I turn to the bottles, considering. Part of me wants to give him something basic, a vodka soda, just to see his face. But my pride won’t let me. I grab the rye from the middle shelf and start building an Old Fashioned. The familiar motions—muddling sugar and bitters, adding the whiskey, then ice, stirring slowly—give me something to focus on besides his watching eyes.

“This place has real character,” he says, looking around at the worn wood paneling, the ship’s wheel on the wall that’s been there since the seventies, the photos of Dark River through the decades. “None of that manufactured nostalgia you see in Seattle bars trying to look authentic. This is the real thing.”

I wonder if he realizes how condescending he sounds, talking about my bar like it’s some anthropological discovery.

“We try,” I say dryly.

“How long have you been running it?” he asks, missing my tone entirely.

“Seven years.” I express the orange peel over the drink, the oils misting the surface.

“You must have been quite young when you started. What, early twenties?”

“Twenty-one.” I slide the drink across to him, then move toring up another customer at the register, grateful for the brief escape.

“That’s remarkable. Most people that age are still desperately trying to figure out what they want, drinking too much, making terrible decisions.” He pauses, taking a sip and nodding approvingly. “I spent a few summers in my early twenties convinced I needed to be Kerouac, complete with the unnecessary road trips and terrible poetry about gas stations.”

The self-deprecation catches me off guard. It’s the first time he’s sounded like an actual person instead of a walking MFA program.

“Sometimes you don’t get to figure it out,” I say, wiping down the bar next to him. “Life just happens and you deal with what’s in front of you.”

“Spoken like someone with a story.” He turns the glass in his hands, studying the amber liquid. “I’d love to hear it sometime. Over dinner, perhaps? There’s this excellent place in Seattle that sources everything locally. You’d adore it. They do this thing with oysters that’s absolutely transcendent.”

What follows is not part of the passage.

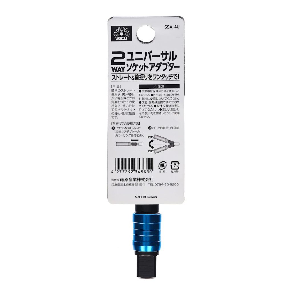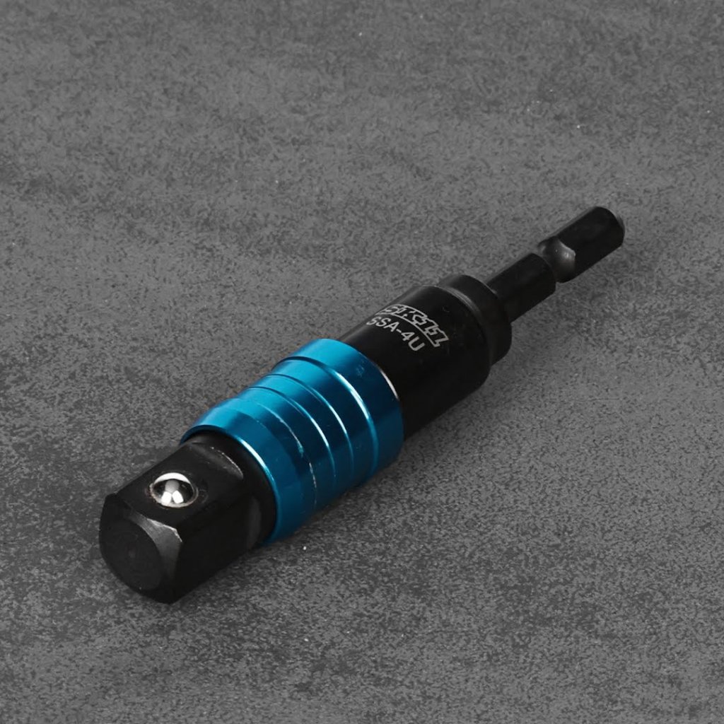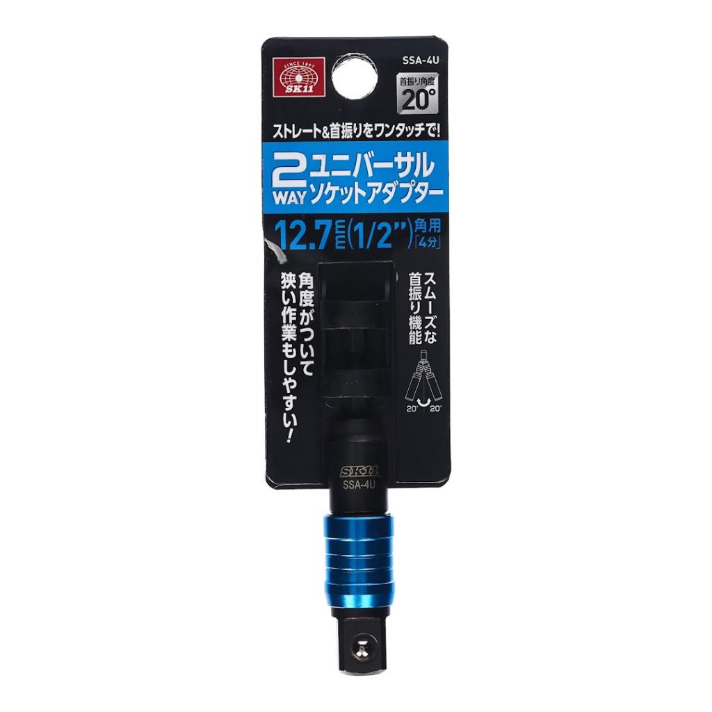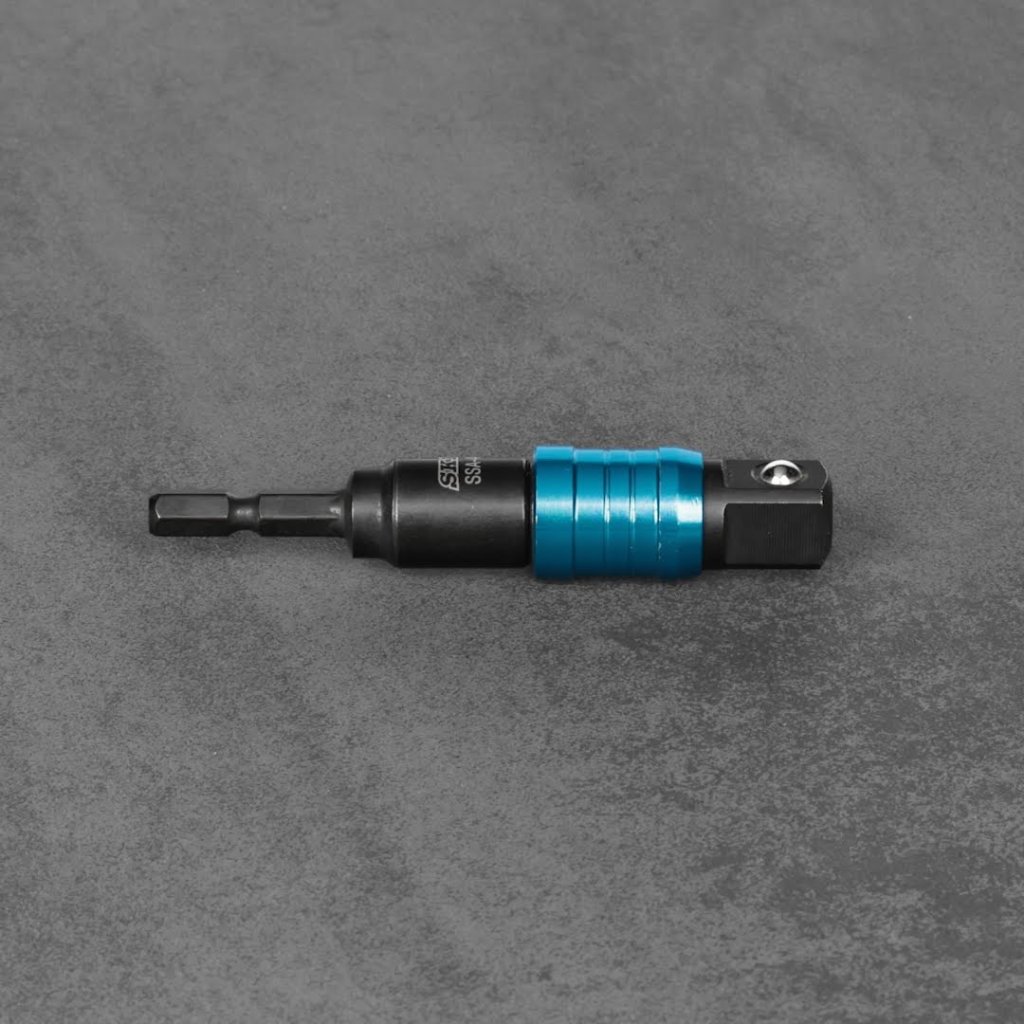 Adaptér s kloubem SK11, model SSA-4U, je nezbytným nástrojem pro zvýšení všestrannosti elektrických nástrojů. Navržen pro použití s nástrčnými klíči různých výrobců, tento nástavec je ideální pro úzké a náročné pracovní prostory díky 20stupňovému úhlu výkyvu. Velikost pohonu 12,7 mm (1/2 palce) a 6,35 mm šestihranná stopka zajišťují kompatibilitu a bezpečné upevnění během používání.

And just like that, pretentious Adrian is back. Because sure, let’s drive six hours round trip for oysters. The whiplash is almost impressive.

“I’ll add you to the waiting list,” I say, moving down to where Lark sits at the end of the bar, pretending I need to grab a bottle behind her.

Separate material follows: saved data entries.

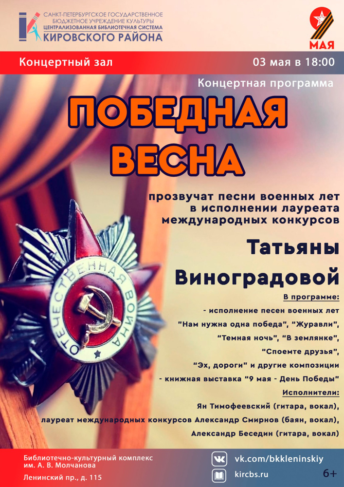 3 Мая в 18.00 в Библиотечно-культурном комплексе им. А. В. Молчанова (Ленинский пр., д. 115) состоится Концерт "Победная весна".
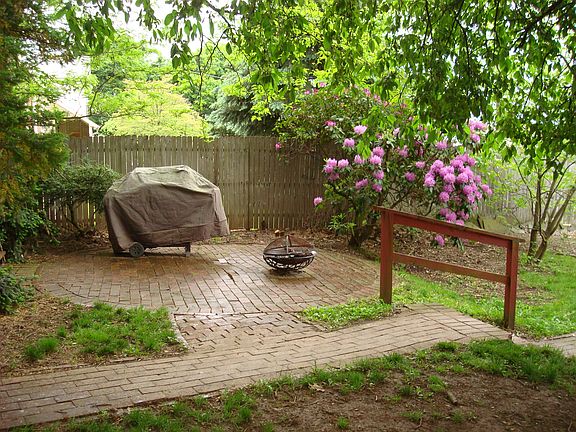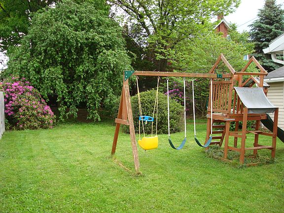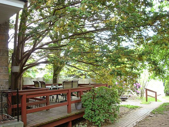 Wow! What a find in E-Town Boro! Magnificent 1916 SF Brown Stone home, stone fireplace on 1st floor and brick Fireplace in lower level, hardwood floors, ornate trim, rod iron, staircase, crystal chandelier in dining room, arch doorways, kitchen pantry, gorgeous Cedar tree canopy over deck, brick paths lead to out-door patio & garage, garage holds 4 cars and giant shed attached.
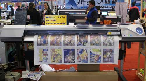 作為Roland RA640、Roland FH740系列寫真機河南核心經銷商,鴻盛數碼東風路分公司此次在2013春季中原廣告展上現場呈現了ROLAND RA640使用“鴻美?”二代熱轉印墨水打印毛絨布、泳裝布、滌綸等印花方案。“鴻美?”二代熱轉印墨水采用更新的工藝和原漿制成,基本解決了市場反應的一系列問題,在原熱轉印墨水基礎上,保留了其色彩的優點,從墨水流暢性,色彩飽和度、牢度,紙張快干型和附著力等方面著手進行了翻天覆地的改進,尤其適合布匹生產型客戶使用;ROLAND RA640,黃金七代打印頭,采用新打印技術,影像再現還原,此次春季中原廣告展,ROLAND RA640加之配套的“鴻美?”二代熱轉印墨水,“雙劍合璧”,為現場觀眾呈現了一套高品質的“鴻美”二代熱轉印方案,吸引眾多觀眾前來觀賞。

“Is that the Adrian guy you mentioned?” she asks, leaning in. “The one renting the Peterson place?”

“That’s him.”

“He’s giving major villain energy,” Lark whispers with a grin. “Like if Draco Malfoy fucked a thesaurus.”

I have to bite my lip to keep from laughing as I return to Adrian, stopping to top off Eddie’s shot glass first.

“You know,” Adrian says, “every time I think I understand something about this place, I realize I’m still just a tourist.”